As can be seen we able to compress the text by almost 70% with the trained version

## How the vocabulary is created

1. **Base Vocabulary from ASCII Characters**
- **Rationale**: The ASCII character set includes standard letters, digits, and symbols, providing a comprehensive foundation.
- **Implementation**: Start with all ASCII characters (values 32 to 126) to ensure basic textual elements are covered.

2. **Handling Numbers, Dates, and Amounts**
- **Rationale**: These formatted entities are crucial for maintaining contextual meaning.
- **Implementation**: Extract and store numbers, dates, and amounts in a `MetaData` class during tokenization, preserving their whole units.

3. **Training on All Possible Strings**
- **Rationale**: A robust vocabulary should encompass all unique strings in the training data.
- **Implementation**: Analyze and iteratively merge frequent pairs in the training set to build a comprehensive BPE vocabulary.

4. **Specialized Tokens for Column Names**
- **Rationale**: Column names play a unique role and are important for understanding tabular data.
- **Implementation**: Add column names as unique tokens to directly recognize and preserve their significance.

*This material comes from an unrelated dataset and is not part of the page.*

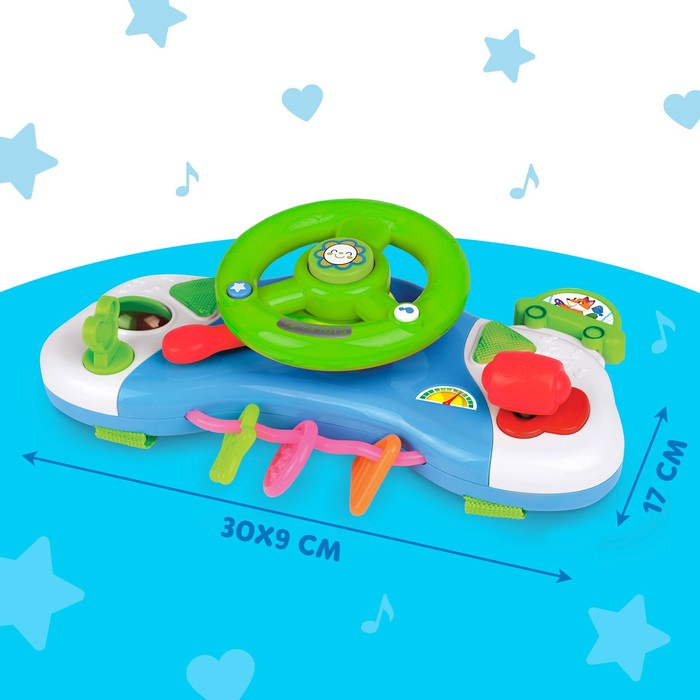 Можно вращать руль, нажимать на кнопки и двигать детали. Мигающие огоньки на корпусе и интересные звуки привлекут внимание малыша.

### Future Considerations for BPE Vocabulary Creation
- **Frequency Analysis**: Perform token frequency analysis to refine the vocabulary, ensuring it remains representative.
- **Token Granularity**: Balance token granularity to capture nuances without overcomplicating the model.
- **Context Preservation**: Maintain the data's context and meaning, especially for specialized entities.